さて、今回のみなさんの感想もとても素敵なので、いただいたもの全部ご紹介させていただきます。回を重ねる中で、みなさんの視点の変化や深い気づきとなっている様子が伝わってきます。



  • 皆さんと輪読して言語化しあったときの何かが、その後も自分の中でじわじわと育っています。ありがとうございます。「実際にどうかではなく、想いを注ぎ注がれる存在が自分の中にもてるかどうか」ということだと今日の時点では理解しました。その感覚はきっと非常時でも平時でも通用すると感じています。この本、決して楽しい文章ではないけど読み進めるのが楽しみなのは何なんだろ。今後も宜しくお願いします。


  • 今日は、自分が読んだ箇所が特にそうだったのかもしれないけれども、「人の想像力」という力は、人類の苦悩を乗り越えるために神様が授けてくれたものに違いない・・と思わず感じてしまいました。同時に、その想像力によって苦悩を乗り越えていくこととは、心の底から信頼し、愛する人の存在が支えていくのだなぁ・・と。


  • 回を重ねる毎に、本の中の世界と自分の世界との距離感や捉え方に変化があります。1回目は別世界、2回目は実は本質的には変わらない世界、3回目はものすごく一致するようでいて気を抜くと距離を置かれるような世界…といった感じで捉えてきました。


  • 日常も、今のような想像がつかなかった日々があるわけで、なんだか人って不思議だなぁとか考えつつ。この先も一人でページを進める気持ちにはなれないけれど、ヨルヨム会でみなさんと読み進めながら他の方の言葉を借りて自分の気持ちを捉えていくのが楽しみです。


  • 今回の輪読の範囲には「『生きのびる』に役立たないこと」=「どうでもいい」という精神状態にあって、どんなことが「どうでもよくないこと」であったのかを示唆する内容がいくつか例示されていたように思います。それは、戦争が終わるのではないかという希望をもたらす「政治(情報?)」、心の拠り所となる「宗教(祈り)」、労働で死ぬほど疲れて床にへたり込んでいる仲間にも見せたくなる美しい「自然」、その日のスープにありつけなくなっても楽しみたい「芸術」、そして、思いつく限り最も悲惨な状況にあっても至福を運んできてくれる「愛」といったことでした。


  • ここで挙がった事柄は平時においてはむしろ、多くの人にとっての「どうでもよいこと」側に入れられてしまいがちなものであるように思いますが、そうしたものこそが非常時には「生きのびる」を支える希望の源泉になるということは大変興味深く感じました。


  • フランクルは「繊細な被収容者のほうが、粗野な人々よりも収容所生活によく耐えた」という実感の証拠として、感受性の豊かさが内面への逃避を容易にし、致命的な精神的ダメージを受けることを防いだといった考察をしています。平時において経済的合理性等の面から「どうでもよい」側に入れられてしまうようなことでも、感受性を育て非常時の誰かの希望の源泉になることがありうるということに敏感な自分でいたいと思いました。

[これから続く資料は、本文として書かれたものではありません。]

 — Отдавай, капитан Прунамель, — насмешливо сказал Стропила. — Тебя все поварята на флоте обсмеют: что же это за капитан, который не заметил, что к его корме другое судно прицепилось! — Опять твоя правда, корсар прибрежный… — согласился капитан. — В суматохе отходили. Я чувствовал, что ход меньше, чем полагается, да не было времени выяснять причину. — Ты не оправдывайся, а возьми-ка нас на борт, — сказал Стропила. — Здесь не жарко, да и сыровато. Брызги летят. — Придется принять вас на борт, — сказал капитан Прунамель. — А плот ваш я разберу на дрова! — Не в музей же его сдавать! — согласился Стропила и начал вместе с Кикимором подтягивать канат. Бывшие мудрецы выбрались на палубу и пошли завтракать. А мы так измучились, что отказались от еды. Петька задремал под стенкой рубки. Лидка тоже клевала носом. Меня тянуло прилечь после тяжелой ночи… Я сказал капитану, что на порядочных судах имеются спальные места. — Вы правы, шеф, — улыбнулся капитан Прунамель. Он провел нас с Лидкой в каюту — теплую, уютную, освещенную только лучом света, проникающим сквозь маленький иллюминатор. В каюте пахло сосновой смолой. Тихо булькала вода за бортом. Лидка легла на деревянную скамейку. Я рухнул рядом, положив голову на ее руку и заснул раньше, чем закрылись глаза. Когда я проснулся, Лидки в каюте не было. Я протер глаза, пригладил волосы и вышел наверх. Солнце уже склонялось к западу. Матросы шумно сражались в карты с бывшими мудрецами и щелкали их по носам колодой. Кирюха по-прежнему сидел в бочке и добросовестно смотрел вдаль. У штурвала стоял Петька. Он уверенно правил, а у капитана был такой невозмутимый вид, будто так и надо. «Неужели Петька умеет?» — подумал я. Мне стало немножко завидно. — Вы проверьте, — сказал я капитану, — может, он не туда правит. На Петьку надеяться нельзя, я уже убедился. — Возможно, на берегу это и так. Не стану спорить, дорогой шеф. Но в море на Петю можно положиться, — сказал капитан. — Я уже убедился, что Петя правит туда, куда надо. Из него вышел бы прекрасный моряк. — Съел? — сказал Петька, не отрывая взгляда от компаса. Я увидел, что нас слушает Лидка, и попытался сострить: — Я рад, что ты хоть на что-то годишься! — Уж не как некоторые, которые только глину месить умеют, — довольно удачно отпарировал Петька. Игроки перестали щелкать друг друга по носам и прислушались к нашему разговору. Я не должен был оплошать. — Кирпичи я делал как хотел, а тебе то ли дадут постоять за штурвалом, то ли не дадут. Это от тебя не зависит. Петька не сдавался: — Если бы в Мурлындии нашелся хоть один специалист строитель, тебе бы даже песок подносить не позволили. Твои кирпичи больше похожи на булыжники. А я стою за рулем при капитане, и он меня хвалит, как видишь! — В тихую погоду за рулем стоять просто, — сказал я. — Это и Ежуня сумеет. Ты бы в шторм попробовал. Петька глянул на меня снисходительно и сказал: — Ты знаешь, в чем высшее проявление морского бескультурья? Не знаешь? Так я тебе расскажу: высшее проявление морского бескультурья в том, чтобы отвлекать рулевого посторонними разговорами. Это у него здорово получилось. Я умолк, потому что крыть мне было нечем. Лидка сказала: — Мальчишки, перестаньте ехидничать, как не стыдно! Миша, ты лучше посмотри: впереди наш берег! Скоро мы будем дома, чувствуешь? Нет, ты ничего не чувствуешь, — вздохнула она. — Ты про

  • 「フランクルの語りは自分が本当の意味で判り得ない世界から生まれたもので、自分の日常に寄せて理解するのはおこがましいのでは」と思うあまり、どう読んだらいいか迷う時間が多かったですが、参加されている皆さんが受け取られたことや、「私も同じように思っていた」という言葉を聞いて、また別の姿勢で引き続き読んでみたいなと思いました。ありがとうございました。この本は、何度も読み直して色々な方向からかみ砕いてやっと少し理解できるような本(またはそうしたいと思える本)なのかなと思っています。

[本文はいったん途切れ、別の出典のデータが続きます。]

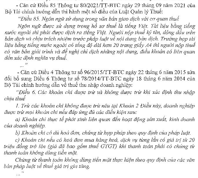 Kính gửi: Bộ Tài chính Tôi có vài câu hỏi liên quan đến thuế nhà thầu nước ngoài, mong Bộ Tài chính giải thích và hướng dẫn để tôi thực hiện đúng với quy định 1. Tôi có mua gói ChatGPT của OpenAI, các ứng dụng AI khác, thanh toán trực tuyến bằng thẻ Visa của công ty, nhưng không có hợp đồng kèm theo. Chứng từ điện tử gửi về bằng tiếng Anh, chỉ ghi tên công ty bằng chữ không dấu. Phía công ty có kê khai và nộp thuế nhà thầu đầy đủ. Vậy chúng tôi cần làm thủ tục gì để có thể hợp lý các chi phí từ những phát sinh trên? Với những chứng từ điện tử của NCC gửi bằng tiếng anh có được ghi chi phí hợp lý, hợp lệ không? 2. Về gói ChatGPT của OpenAI, trước 1/8/2025 họ không có mst ở VN nên chúng tôi vẫn kê khai thuế nhà thầu nộp thay Tuy nhiên từ 1/8/2025 OpenAI đã có mst nhà cung cấp nước ngoài ở Việt Nam, trên chứng từ cũng đã có thu thuế GTGT, chứng từ vẫn là chứng từ điện tử tiếng anh Chúng tôi muốn hỏi khi NCC nước ngoài đã có MST ở Việt Nam, có thu thuế VAT thể hiện trên chứng từ thì chúng tôi có cần thực hiện kê khai và nộp thuế nhà thầu nộp thay phần thuế TNDN nữa không?

  • 今回読んだところは、フランクル夫人の話(*)や護送車の鉄格子の隙間から垣間見える風景がどれだけ望まれ、そして圧倒的な光景として迫って来るのかが述べられた、本書全体を通じても屈指といえる印象的な箇所である。それだけに小見出し(「もはやなにも残されていなくても」「非情ということ」「壕のなかの瞑想」といった・・・)内に、ひとつのエピソードとしてまとめられているような感じで受け止めていたが、この読み方は十全ではないと気付いた。言い換えれば、小見出しが付けられているものの、それぞれそこで語られる内容はそこで限定され、独立している(だけの)ものでなく、一連の記述を構成する部分としてある、ということだ。


  • たとえば、「内面への逃避」という小見出しで始まる文章の最初の段落に「内面的に深まる人びともいた」とある。この「内面的に深まる」状態とはどういったことなのかを示すエピソードとして、夫人の話や風景の話がなされている、ということだ。これが今回の私の発見だった(電車の中での読書など、細切れの時間を利用する読書スタイルだと、こうした初歩的な点ですら気付かないのだなと反省する機会になった)。

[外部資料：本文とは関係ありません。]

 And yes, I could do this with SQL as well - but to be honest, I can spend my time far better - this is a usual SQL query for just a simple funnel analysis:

  • 対して、「灰色の朝のモノローグ」で述べられている、何千回も問うた疑問に「しかり!」という声がする、という個所は難解で、まだまだ私には了解しにくい。これがどう解消され、私自身に現れてくるのかが楽しみである。


  • *以前、ある本で「アクティヴ・イマジネーション」というユング派の技法のことを知ったが、 フランクル夫人の話は、この技法の具体的な、卓抜な実例なのではないかと感じた。この辺りに言及した書籍などがあれば読んでみたい。


このヨルヨム会まとめブログは、ロゴセラピーを学んでいる同学のみなさんにも紹介させていただいています。みなさんの感想が、私や、このブログを読んでくださっている方々の新たな感想や気づきにつながっていくことを実感し、そんな連鎖が起こっているという現状に私自身が驚き、喜んでいます。これも『夜と霧』の持つ力のおかげです。

(フランクル先生、ありがとうございます!)


そして最後の記念撮影。




今夜は第4回。p.71の「収容所のユーモア」からとなります。今夜も楽しみです。